EXERCISE AIM = Each line of the material must be returned exactly.

DATA EXTRACT =
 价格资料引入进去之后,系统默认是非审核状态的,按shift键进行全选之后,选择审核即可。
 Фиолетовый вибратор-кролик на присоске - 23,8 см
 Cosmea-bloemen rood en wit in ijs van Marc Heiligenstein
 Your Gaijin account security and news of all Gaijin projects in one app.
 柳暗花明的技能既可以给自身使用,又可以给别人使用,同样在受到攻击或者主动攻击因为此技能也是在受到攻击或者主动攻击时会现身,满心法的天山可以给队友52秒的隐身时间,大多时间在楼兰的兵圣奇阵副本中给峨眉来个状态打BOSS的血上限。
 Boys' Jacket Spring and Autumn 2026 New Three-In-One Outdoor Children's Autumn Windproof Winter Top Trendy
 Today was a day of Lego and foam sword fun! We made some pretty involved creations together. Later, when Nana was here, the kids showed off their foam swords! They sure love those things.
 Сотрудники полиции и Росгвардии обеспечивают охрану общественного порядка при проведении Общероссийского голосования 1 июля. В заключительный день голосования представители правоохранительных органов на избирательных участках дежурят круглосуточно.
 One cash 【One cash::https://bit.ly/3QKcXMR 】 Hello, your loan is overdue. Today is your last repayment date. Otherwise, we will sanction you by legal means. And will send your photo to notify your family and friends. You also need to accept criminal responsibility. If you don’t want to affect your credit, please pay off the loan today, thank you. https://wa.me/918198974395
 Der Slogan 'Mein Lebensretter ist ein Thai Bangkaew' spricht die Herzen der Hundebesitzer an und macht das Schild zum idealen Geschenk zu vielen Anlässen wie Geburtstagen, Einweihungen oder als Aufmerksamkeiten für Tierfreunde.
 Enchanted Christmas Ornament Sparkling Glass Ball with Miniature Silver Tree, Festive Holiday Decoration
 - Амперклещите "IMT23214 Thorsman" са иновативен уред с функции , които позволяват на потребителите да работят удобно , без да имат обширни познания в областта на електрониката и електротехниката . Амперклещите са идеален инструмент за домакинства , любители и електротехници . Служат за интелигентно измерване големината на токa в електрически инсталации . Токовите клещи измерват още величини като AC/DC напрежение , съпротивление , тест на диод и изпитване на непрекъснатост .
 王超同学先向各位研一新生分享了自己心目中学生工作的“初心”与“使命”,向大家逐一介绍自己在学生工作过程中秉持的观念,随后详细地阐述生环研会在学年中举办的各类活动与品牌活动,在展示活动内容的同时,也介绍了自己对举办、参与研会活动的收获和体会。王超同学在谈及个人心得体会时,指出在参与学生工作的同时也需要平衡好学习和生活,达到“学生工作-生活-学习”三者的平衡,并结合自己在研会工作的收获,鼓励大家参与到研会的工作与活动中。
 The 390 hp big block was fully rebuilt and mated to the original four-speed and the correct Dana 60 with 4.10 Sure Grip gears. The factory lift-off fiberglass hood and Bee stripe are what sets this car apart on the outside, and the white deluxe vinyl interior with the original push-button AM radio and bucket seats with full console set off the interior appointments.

RESPONSE TO THIS TASK =
 价格资料引入进去之后,系统默认是非审核状态的,按shift键进行全选之后,选择审核即可。
 Фиолетовый вибратор-кролик на присоске - 23,8 см
 Cosmea-bloemen rood en wit in ijs van Marc Heiligenstein
 Your Gaijin account security and news of all Gaijin projects in one app.
 柳暗花明的技能既可以给自身使用,又可以给别人使用,同样在受到攻击或者主动攻击因为此技能也是在受到攻击或者主动攻击时会现身,满心法的天山可以给队友52秒的隐身时间,大多时间在楼兰的兵圣奇阵副本中给峨眉来个状态打BOSS的血上限。
 Boys' Jacket Spring and Autumn 2026 New Three-In-One Outdoor Children's Autumn Windproof Winter Top Trendy
 Today was a day of Lego and foam sword fun! We made some pretty involved creations together. Later, when Nana was here, the kids showed off their foam swords! They sure love those things.
 Сотрудники полиции и Росгвардии обеспечивают охрану общественного порядка при проведении Общероссийского голосования 1 июля. В заключительный день голосования представители правоохранительных органов на избирательных участках дежурят круглосуточно.
 One cash 【One cash::https://bit.ly/3QKcXMR 】 Hello, your loan is overdue. Today is your last repayment date. Otherwise, we will sanction you by legal means. And will send your photo to notify your family and friends. You also need to accept criminal responsibility. If you don’t want to affect your credit, please pay off the loan today, thank you. https://wa.me/918198974395
 Der Slogan 'Mein Lebensretter ist ein Thai Bangkaew' spricht die Herzen der Hundebesitzer an und macht das Schild zum idealen Geschenk zu vielen Anlässen wie Geburtstagen, Einweihungen oder als Aufmerksamkeiten für Tierfreunde.
 Enchanted Christmas Ornament Sparkling Glass Ball with Miniature Silver Tree, Festive Holiday Decoration
 - Амперклещите "IMT23214 Thorsman" са иновативен уред с функции , които позволяват на потребителите да работят удобно , без да имат обширни познания в областта на електрониката и електротехниката . Амперклещите са идеален инструмент за домакинства , любители и електротехници . Служат за интелигентно измерване големината на токa в електрически инсталации . Токовите клещи измерват още величини като AC/DC напрежение , съпротивление , тест на диод и изпитване на непрекъснатост .
 王超同学先向各位研一新生分享了自己心目中学生工作的“初心”与“使命”,向大家逐一介绍自己在学生工作过程中秉持的观念,随后详细地阐述生环研会在学年中举办的各类活动与品牌活动,在展示活动内容的同时,也介绍了自己对举办、参与研会活动的收获和体会。王超同学在谈及个人心得体会时,指出在参与学生工作的同时也需要平衡好学习和生活,达到“学生工作-生活-学习”三者的平衡,并结合自己在研会工作的收获,鼓励大家参与到研会的工作与活动中。
 The 390 hp big block was fully rebuilt and mated to the original four-speed and the correct Dana 60 with 4.10 Sure Grip gears. The factory lift-off fiberglass hood and Bee stripe are what sets this car apart on the outside, and the white deluxe vinyl interior with the original push-button AM radio and bucket seats with full console set off the interior appointments.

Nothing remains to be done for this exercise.